GPU: Asus Strix R9-Fury (16.7.3 Driver, not installed Beta driver yet)

Corsair H100i GTX Cooler

PSU: EVGA 1000P2

Storage: Samsung 850 Pro 500GB

2x Seagate Barracuda 2TB 7200 RPM

Asus PB287Q via DP Cable

Win10

 

 

The original rig was bought about a year ago, mid-September. The storage, cooler, GPU, and PSU are still original from that build. I have the original parts lying around still, from various swaps I've tried. I had 0 issues with system stability until around February 2016. 4K Gaming, while having some FPS issues in certain games, was flawless. Streaming, encoding, whatever I wanted to do, my rig was stable.

 

I believe it was around the 16.3.1 Driver release that my rig started becoming frequently unstable. Random rebooting, display cutting out, 'snow' on screen when in 4K (this slowly migrated over to 1080P as well). The odd part about the 'snow' was it was only visible locally. If I used TeamViewer to remote in, the snow wasn't visible. I fought this for a few months, replacing random items I felt may have been the culprit. DP Cable, RAM, CPU, and finally the Motherboard; all to no avail.

 

Performed a fresh reinstall of Win10, and I was good for about a week until these blips started cropping up again. Luckily I've not had the random reboot lately, but now I do get full-blown GPU Driver crashing (and recovering). The game that usually triggers this is Witcher 3, though I do get it when just browsing the web doing basically nothing; though it's not nearly as frequent as W3 triggering. And here is the really odd part. I can play W3 for 8+ hours perfectly fine some days, and crash after 20min another. Load it up again, 4-5 hours stable. It doesn't make any sense.

 

 

As of this morning, I've received 3 BSOD, IRQL LESS THAN OR NOT EQUAL TO codes. Once triggered by Magic Duels, twice triggered by Witcher 3. I've used BSV and VS2015 Debugging, but nothing has proved too fruitful in providing results. The best I've gotten so far is that something is freaking out ntoskrnl.sys, but I can't seem to locate what. I'm presuming it's still the AMD Driver, but I've not seen solid proof of it yet. I know the screen flickers, and I get the typical 'sound' my OS makes when the driver crashes and recovers, but now they are BSOD's instead of just dropping back to desktop.

 

I'm honestly suspecting there is something wrong with the GPU at this point, I just don't quite have another 500$+ to replace it yet (short of throwing it in someone else's rig at this point, and see if the behavior follows).

 

Here is a DropBox link to all 3 dmp files. Any help would be greatly appreciated. If there is any other info needed, let me know.

 

 

Edit: I forgot to add, I'm not doing any overclocking. I've got MSI Afterburner running for custom fan control profiles, and my BIOS should be set to 'normal', not performance.

 

 

Update2: Here is the bugcheck analysis:

 

*******************************************************************************

 

Bugcheck Analysis

 

*******************************************************************************

 

IRQL_NOT_LESS_OR_EQUAL (a)

An attempt was made to access a pageable (or completely invalid) address at an

interrupt request level (IRQL) that is too high. This is usually

caused by drivers using improper addresses.

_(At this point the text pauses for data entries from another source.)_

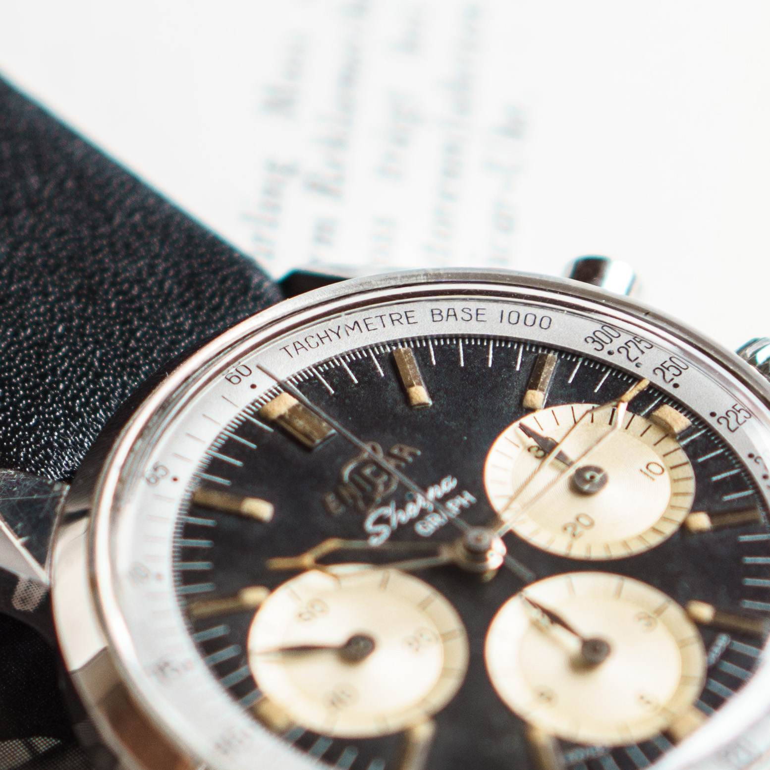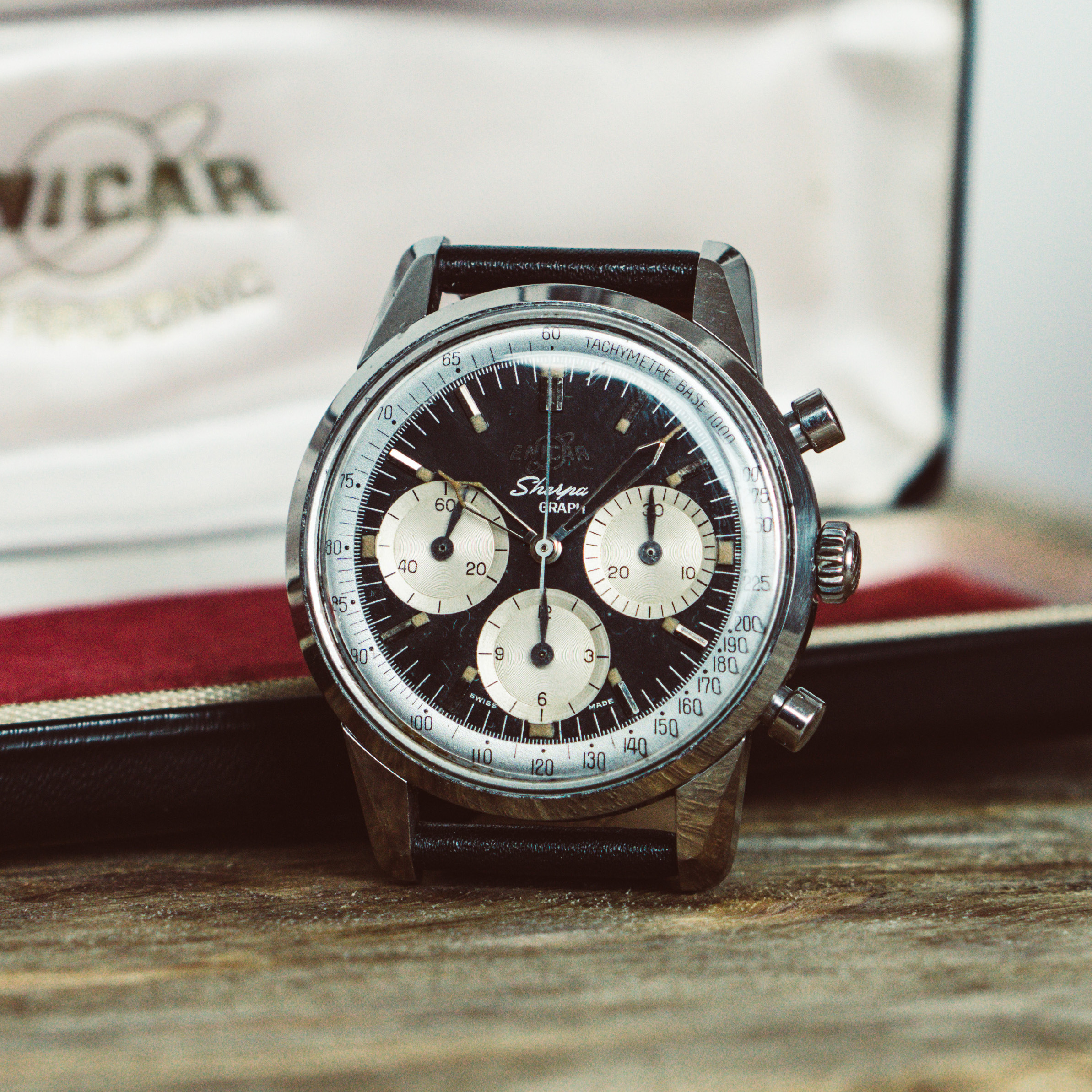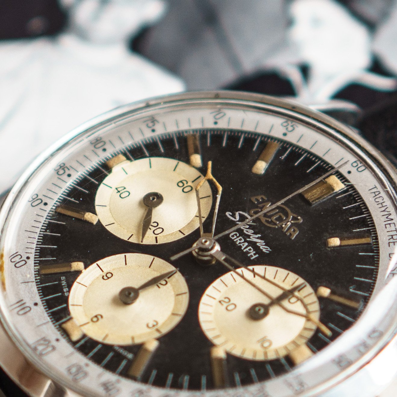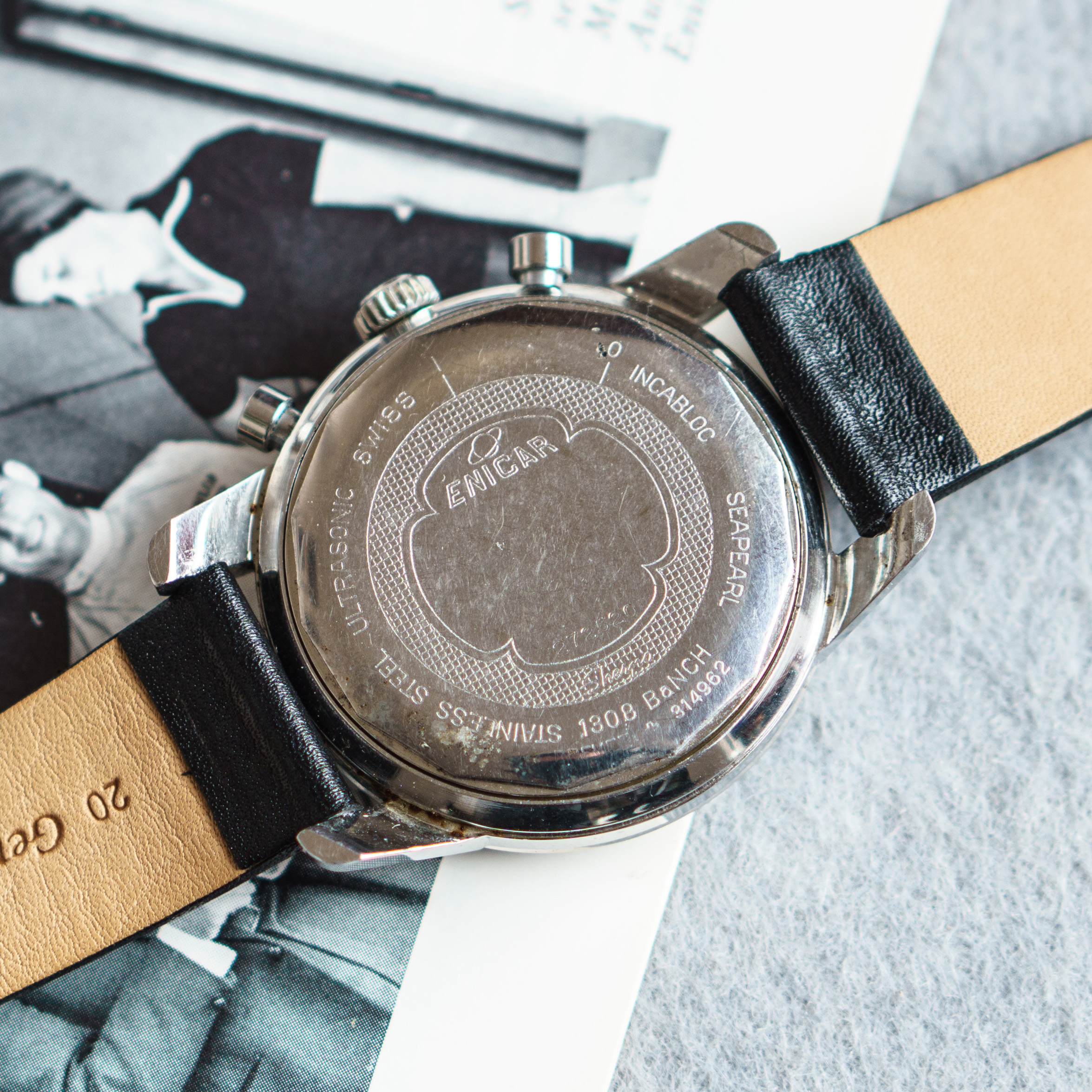 Thanks to @la_lusigne I was again bitten by the Zenith A386 virus. The Zenith is one of the watches I allways wanted to have but allways missed the opportunity. So this is my shot in the dark, maybe some of you have 5 of them and wants to build up an Enicar collection or your focus is in racing watches. Than this is your chance to trade your nice Zenith for one of just 500 build Enicar Sherpa Graph MK1a's, the first of the line, introduced in 1960. Back than Formula 1 Racer Stirling Moss was testimonial for Enicar and of course he got one of his examples as well.
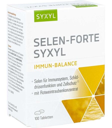 Anwendungsgebiet von Selen Forte Syxyl TablettenSelen Forte Syxyl Tabletten ist ein Nahrungsergänzungsmittel mit Selen, der Aminosäure L-Glutamin und Rotweintraubenkonzentrat. Selen ist für den Menschen ein lebenswichtiges Spurenelement. In vielen Enzymen ist Selen in Form von Selenproteinen enthalten und wird für viele verschiedene Reaktionen im Körper benötigt. Selen kann dazu beitragen, die Zellen im Körper vor oxidativem Stress zu schützen. Wiederum andere von Selen abhängige Enzyme regulieren unter anderem den Haushalt der Schilddrüsenhormone und tragen somit zu einer normalen Funktion der Schilddrüse bei. Auch für die Erhaltung normaler Haare und Nägel wird Selen benötigt. Bei einer Unterversorgung profitieren also auch Haare und Nägel von der Einnahme dieses wichtigen Spurenelements. Wirkstoffe / Inhaltsstoffe / ZutatenZutaten von Selen Forte Syxyl Tabletten: Rotweintraubenkonzentrat (Traubenextrakt enthält Sulfit, Maltodextrin, Rotweinkonzentrat enthält Sulfit), Füllstoffe (Cellulose, Calciumphosphate), Aminosäure L-Glutamin, Überzugsmittel (Hydropropylmethylcellulose, Hydroxypropylcellulose, Speisefettsäuren, Polyethylenglycol), Trennmittel Magnesiumsalze der Speisefettsäuren, Reisstärke, Farbstoff Betenrot, färbendes Lebensmittel Konzentrat aus Färberdistel und Zitrone, Natriumselenit. Durchschnittliche Nährwerte pro Tagesportion: 1 Tablette 2 Tabletten: Selen: 100 µg (182%*) 200 µg (364%*) L-Glutamin: 100 mg 200 mg Rotweintraubenkonzentrat: 200 mg 400 mg * NRV (Nährstoffbezugswerte) für Erwachsene nach der Lebensmittel-InformationsverordnungGegenanzeigenBei bekannter Überempfindlichkeit gegenüber einem der oben genannten Inhaltsstoffe sollte das Produkt nicht verwendet werden. DosierungVerzehrsempfehlung von Selen Forte Syxyl Tabletten: Nehmen Sie 1 bis 2 Tabletten täglich mit etwas Flüssigkeit ein. Der gleichzeitige Verzehr von Natr ...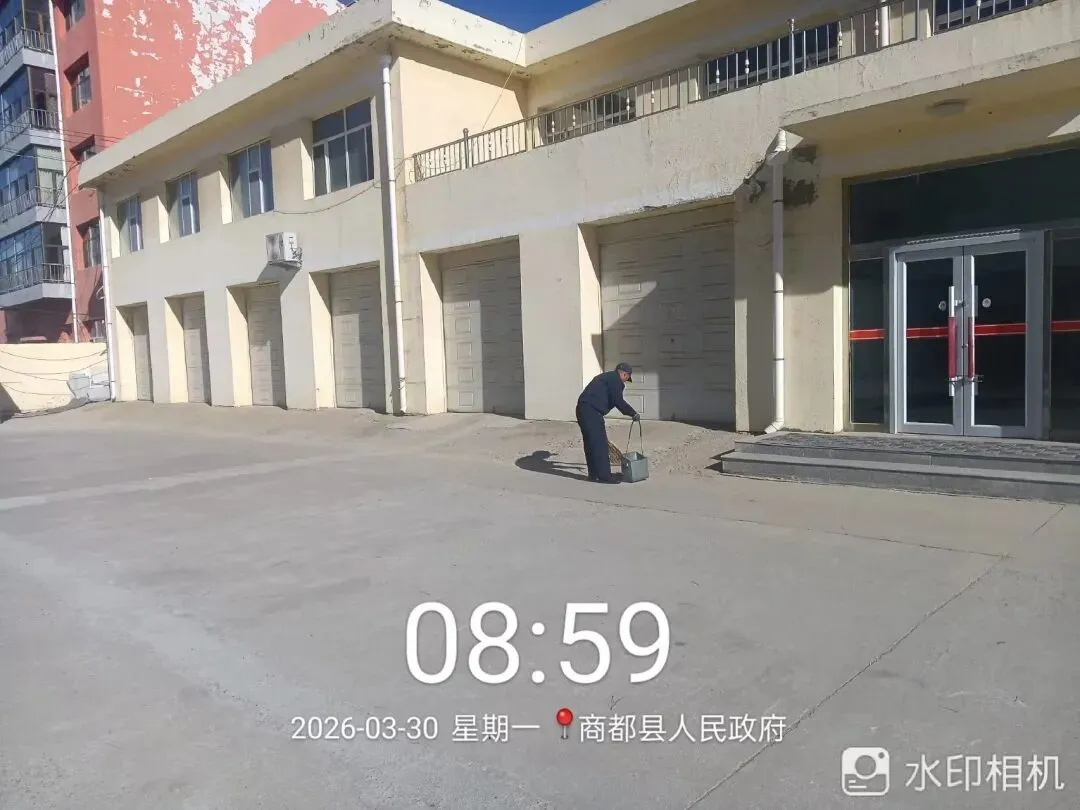 城乡居民服务中心安保人员及政府各单位安保人员清理各区域卫生

If a kernel debugger is available get the stack backtrace.

Arguments:

Arg1: 0000000000000040, memory referenced

Arg2: 0000000000000002, IRQL

Arg3: 0000000000000000, bitfield :

bit 0 : value 0 = read operation, 1 = write operation

bit 3 : value 0 = not an execute operation, 1 = execute operation (only on chips which support this level of status)

Arg4: fffff80334cf8503, address which referenced memory

 

Debugging Details:

------------------

 

 

READ_ADDRESS: unable to get nt!MmSpecialPoolStart

unable to get nt!MmSpecialPoolEnd

unable to get nt!MmPagedPoolEnd

unable to get nt!MmNonPagedPoolStart

unable to get nt!MmSizeOfNonPagedPoolInBytes

0000000000000040

 

CURRENT_IRQL: 2

 

FAULTING_IP:

nt!PoFxActivateComponent+3f

fffff803`34cf8503 488b14c2 mov rdx,qword ptr [rdx+rax*8]

 

CUSTOMER_CRASH_COUNT: 1

 

DEFAULT_BUCKET_ID: WIN8_DRIVER_FAULT

 

BUGCHECK_STR: AV

 

PROCESS_NAME: System

 

ANALYSIS_VERSION: 6.3.9600.17336 (debuggers(dbg).150226-1500) amd64fre

 

TRAP_FRAME: ffffd000dac9c780 -- (.trap 0xffffd000dac9c780)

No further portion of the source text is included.